È tutto completamente buio. Tutto nero, più scuro della notte, più scuro delle profondità marine. Più scuro di qualsiasi altra cosa abbia mai visto; perché è tanto scuro da mancarmi il fiato, da farmi perdere un battito. Tanto scuro da farmi paura, come effettivamente non ne ho mai provata prima.
Nel buio, le uniche cose che riesco a sentire sono il rumore dell'acqua che scorre. Potrebbe essere il mare, o un fiume. Più semplicemente, potrebbe essere qualche goccia caduta da un rubinetto lasciato aperto per sbaglio, per quanto ne so. Nel buio, sento un odore, sopra tutti gli altri. C'è uno strano odore di fiori, ma non sono sicuro di che fiori siano; ed è mischiato ad un odore che riconoscerei anche da chilometri, o in mezzo alla gente.
L'odore dello shampoo di Martina mi arriva addosso, portato da una brezza leggerissima.
Sento anche freddo, sulla pelle. Come fossimo all'aria aperta, con le intemperie che ci finiscono addosso. E noi fermi lì, immobili, forse ad aspettare che succeda qualcosa. Forse fermi sotto la neve così, per gioco. Forse perché lo voleva lei, o forse perché l'ho voluto io.
Non lo so. Non me lo ricordo. Ricordo poco o niente. Sento fin troppo. E non vedo niente. Nemmeno la mia stessa ombra, o una luce seppur minima proveniente da chissà dove. Niente, se non le tenebre, le profondità del mare, o qualunque cosa sia tutto quel nero.
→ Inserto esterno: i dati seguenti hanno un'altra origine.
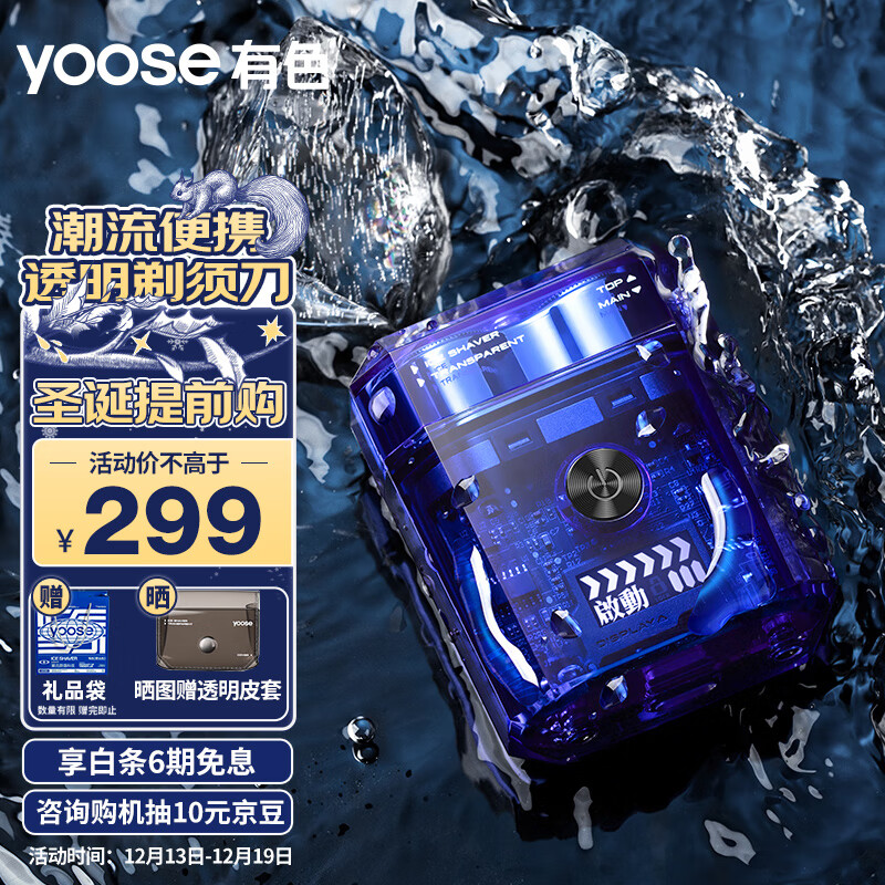 有色(yoose)男士电动剃须刀 潮流冰感便携 全身防水 送男友节日礼物 胡须刀礼盒 ICE 透明蓝价格:399.00元!

Non faccio in tempo a capirlo, però, che sento le dita della ragazza al mio fianco staccarsi delicatamente dalle mie. Staccarsi le une dalle altre come se non significasse nulla e come se io non potessi né riuscissi a fare niente per impedirlo. La sento semplicemente staccarsi da me, lasciarmi un bacio a fior di labbra e allontanarsi senza dire niente.
Lasciando il mio "ti amo" ad essere l'unico rumore in quella giornata invernale.
Un rumore che non ottiene risposta, se non il freddo che sento mentre lei si allontana. Un rumore e una frase che rimangono inascoltati, lasciandomi cieco sotto la neve, coi suoi passi che si allontanano attutiti dalla distesa bianca sulla quale camminano.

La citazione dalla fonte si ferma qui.